### Your instructions
From the line containing "I want to have" through the last line of the records below, output every line exactly, both ends included, except the pictures.

### Exercise inputs
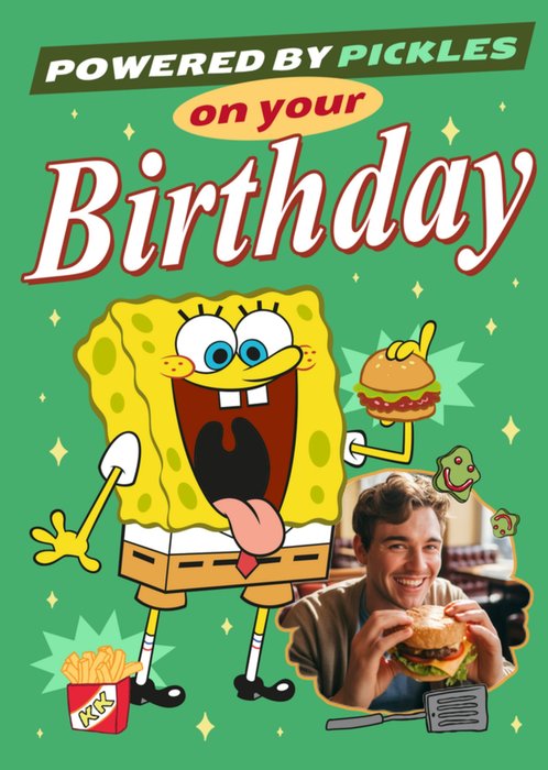 Featuring SpongeBob SquarePants holding a burger, with a single rounded photo upload frame in the bottom right corner. The scene sits on a bright green background.
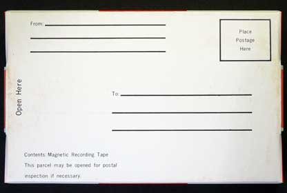 実は、このパッケージ、裏面を見ると分かるように郵送用の封筒になっている。 録音済みのカセットをこの箱に入れ、住所を記入し切手を貼ってポストに投函すればOKである。 郵送中、不用意にフタが開かないようにダブルのタブでロックをかけている形になっている。 フタの部分にテープでも貼れば必要のない機構だが、概して大ざっぱなアメリカ人向けに(失礼)、フタを閉めるだけで簡単に発送できるこのような工夫をしたのではないだろうか(笑)。 館長なら、さらにこの上からセロテープを貼りたいところである(笑)。 |
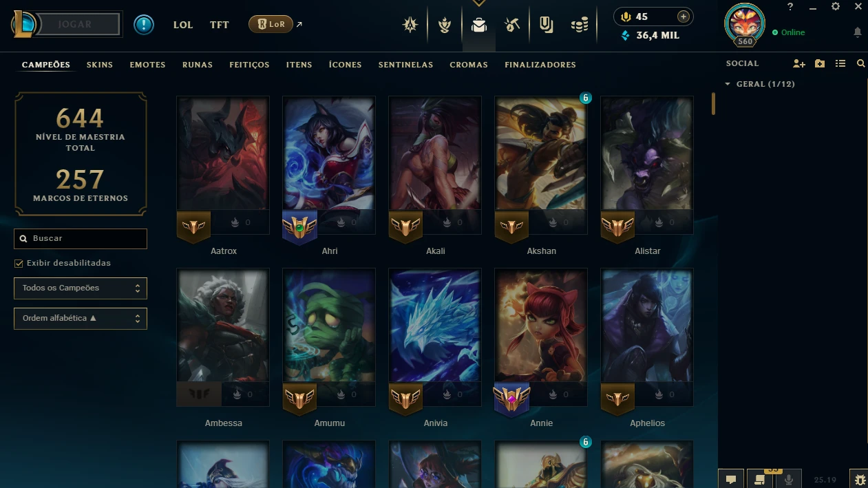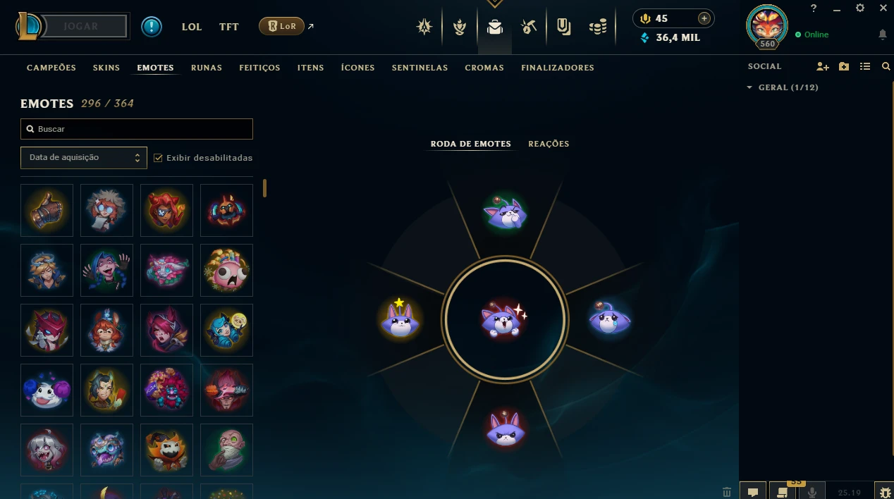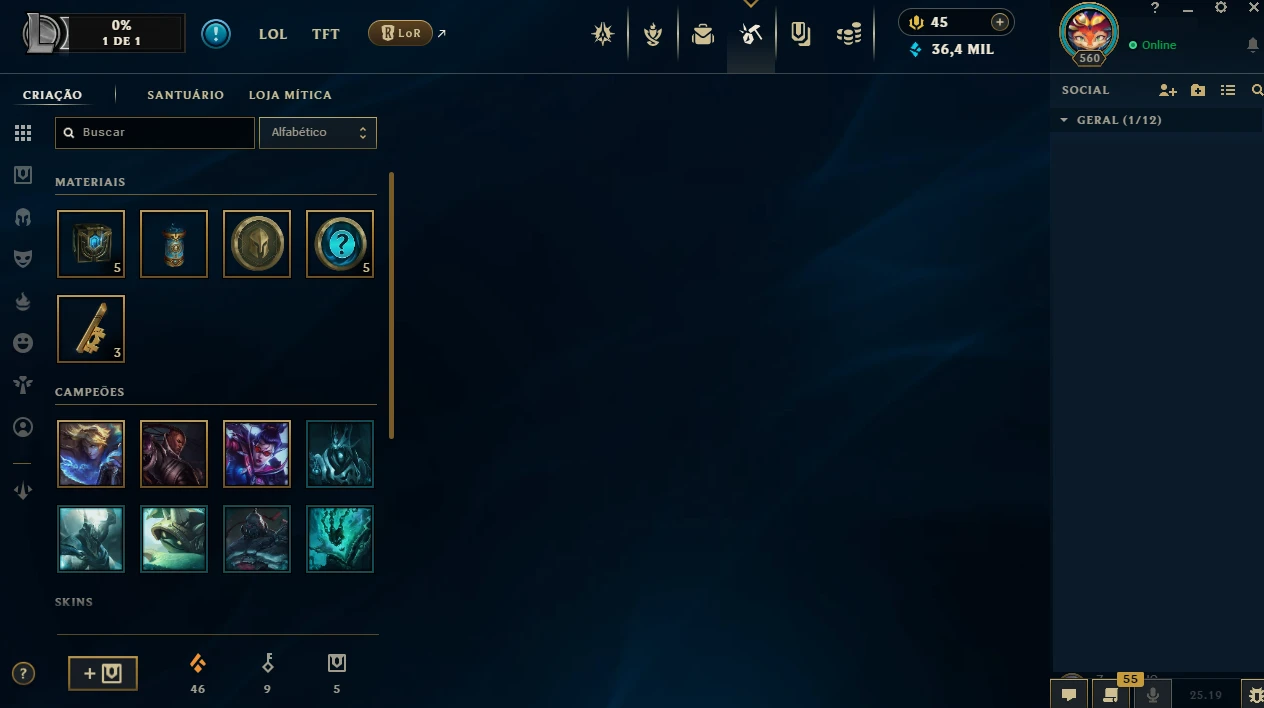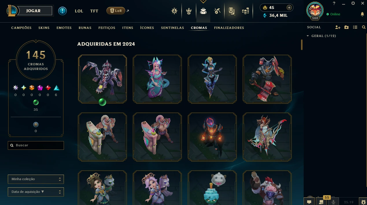 Ainda, a conta é vinculada ao Wild Rift que está nível 51, com algumas skins, incluindo Janna Previsão do Tempo.
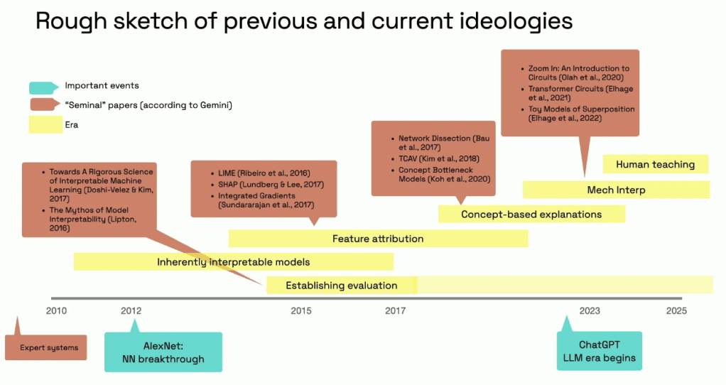 I want to have this discussion by juxtaposing the opening and closing talks of the workshop. The opening talk was by Been Kim on “15 years of research in interpretability” and the closing talk was by Chris Olah about “reflections on mechanistic interpretability”. But before contrasting them, I want to spend a moment on what I think are some of the major takeaways from these talks by two titans in the field of interpretability.
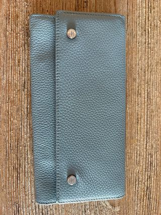 Elegante cartera de piel en tono azul. - Diseño texturizado. - Cierre con botón a presión. - Detalle metálico con logo.

### Solution
 I want to have this discussion by juxtaposing the opening and closing talks of the workshop. The opening talk was by Been Kim on “15 years of research in interpretability” and the closing talk was by Chris Olah about “reflections on mechanistic interpretability”. But before contrasting them, I want to spend a moment on what I think are some of the major takeaways from these talks by two titans in the field of interpretability.
 Elegante cartera de piel en tono azul. - Diseño texturizado. - Cierre con botón a presión. - Detalle metálico con logo.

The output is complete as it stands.